Exotica was played in lounges that evoked the feelings of what people imagined mid-century paradise would be that was psychedelic, jazzy, and contemporary for its time. Breaking the genre into the mainstream would be with Martin Denny with the album “Exotica” and what Augie Colon did would give the music something that was what people in foreign countries saw as sounds of Hawaii in the 8th album “Quiet Village: The Exotic Sounds of Martin Denny”. Exotica was really big in “Tiki Culture” and a sound that was so distinct would be from “Hawaii Tiki Culture” that would be ever growing during that time with many lounges and bars at the hotels would feature exotica. The differences were that there was an introduction of a vibraphone from Arthur Lyman to give it a tropical feel and the sounds from nature gave that unique ambience of a polynesian forest. It established what people would refer to as “Hawaiian Exotica” and that really is credited to Martin Denny, his band and especially Augie Colon for doing the sounds so well. People really couldn’t tell the difference, people to this day think the sounds are sound samples, but it really was just Augie Colon doing his thing. He would go on to push the boundaries of psychedelic exotica with his expansion of drums in his collection. 

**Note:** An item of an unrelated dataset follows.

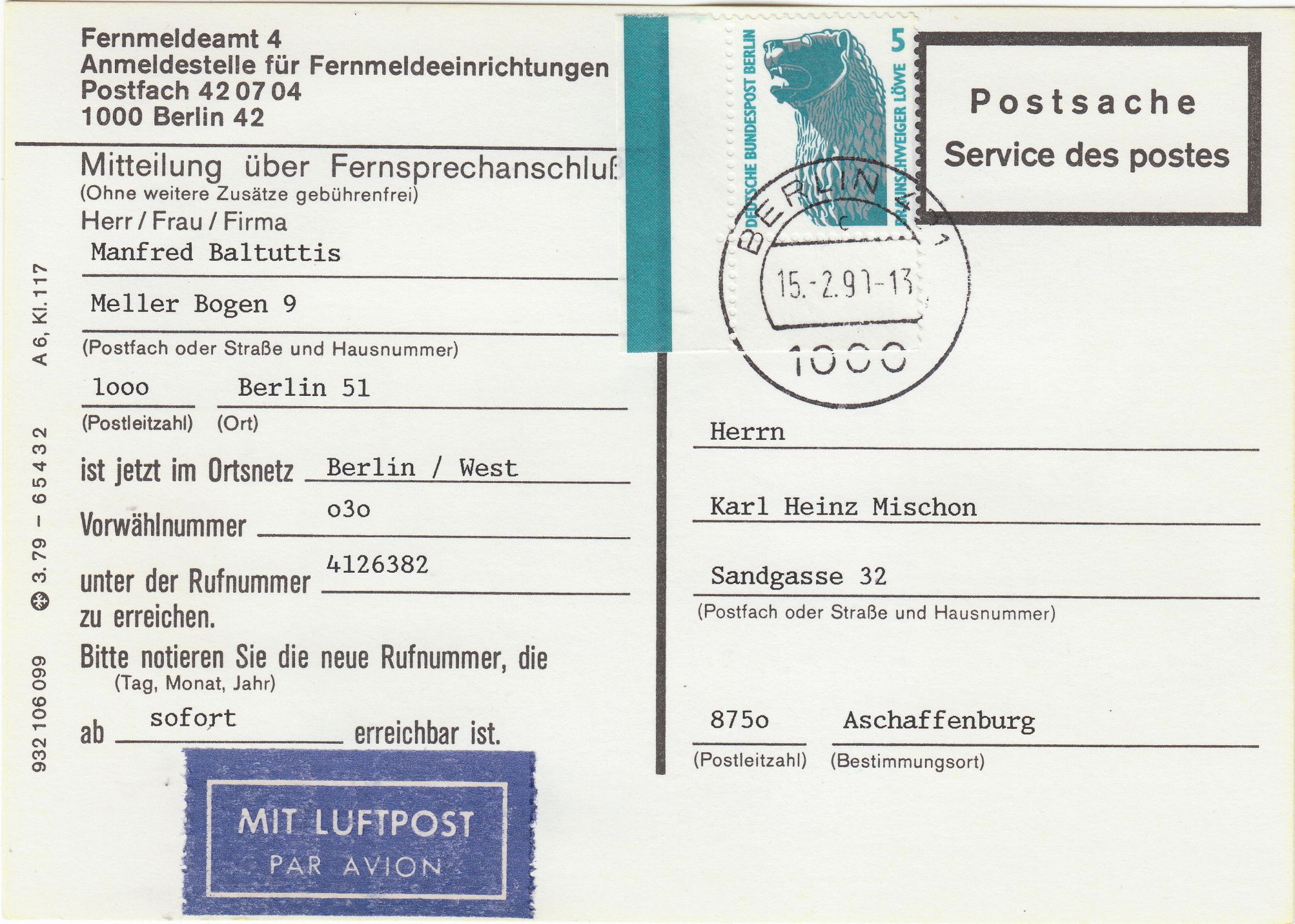 EF der Wertstufe 5 Pf am 15.02.1990 als Erstausgabetag portorichtig zur Abdeckung der Luftpostgebühr auf einer ansonsten gebührenfreien Postsache in Kartenform, hier als Eckrandstück unten links, Feld 91.
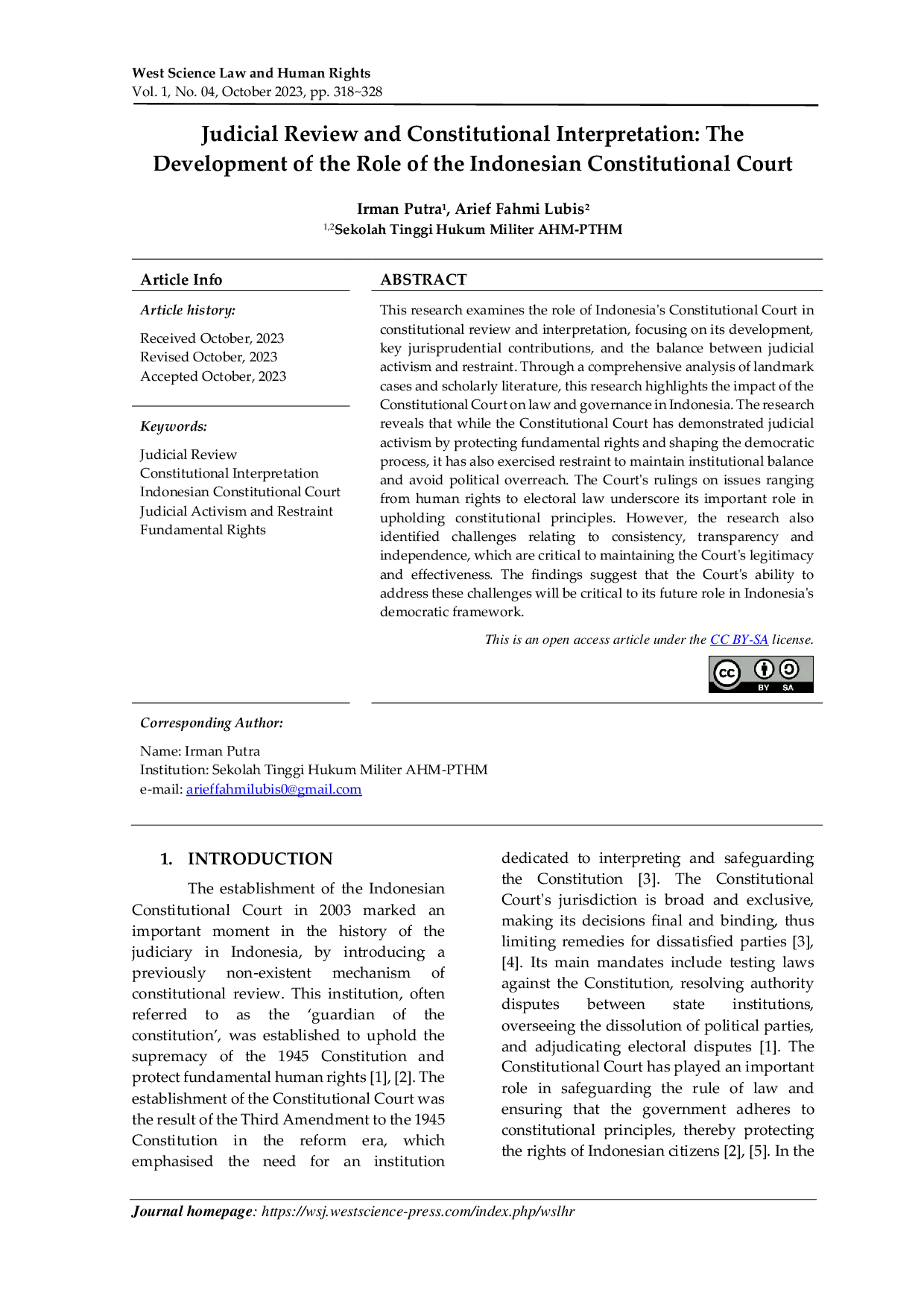 West Science Law and Human RightsWest Science Law and Human RightsThis research examines the role of Indonesias Constitutional Court in constitutional review and interpretation, focusing on its development, key jurisprudential contributions, and the balance between judicial activism and restraint. Through a comprehensive analysis of landmark cases and scholarly literature, this research highlights the impact of the Constitutional Court on law and governance in Indonesia. The research reveals that while the Constitutional Court has demonstrated judicial activism by protecting fundamental rights and shaping the democratic process, it has also exercised restraint to maintain institutional balance and avoid political overreach. The Courts rulings on issues ranging from human rights to electoral law underscore its important role in upholding constitutional principles. However, the research also identified challenges relating to consistency, transparency and independence, which are critical to maintaining the Courts legitimacy and effectiveness. The findings suggest that the Courts ability to address these challenges will be critical to its future role in Indonesias democratic framework.

In addition to his percussion work, Augie also went on to release his own solo albums. His percussion would be continued to be played by him and by many admirers of his Colon-Style of playing, so it isn’t something that happened by chance, but something that was continued to be perpetuated. With the drums he was so free feeling and he did respect his instruments and was open to hand it down to those who would want to pursue it and that would show people that hitting, clapping, tapping, and banging on things can tell a big story and bring people into the present instead of getting lost in the music the percussion let people know they were there. As the other parts of the song are played with the bass people start to get into it and the vibraphone is immersive while the percussion brings people back so people are going in and out and are engaged in their imagination and are still in the reality of things.

Hawaiian percussion would be another genre and there is a history between Hawaiian percussion, native rhythms, and native way of playing that would be assimilated in tiki world wide. I think mostly the verse of that drumming style is African for everyone and all the percussionists lead back there. If you research the roots. 

1970s, Augie Colon use to play at the Haleiwa Theater

The Colon Ohana would live on Molokai and he lived on Mauna Loa.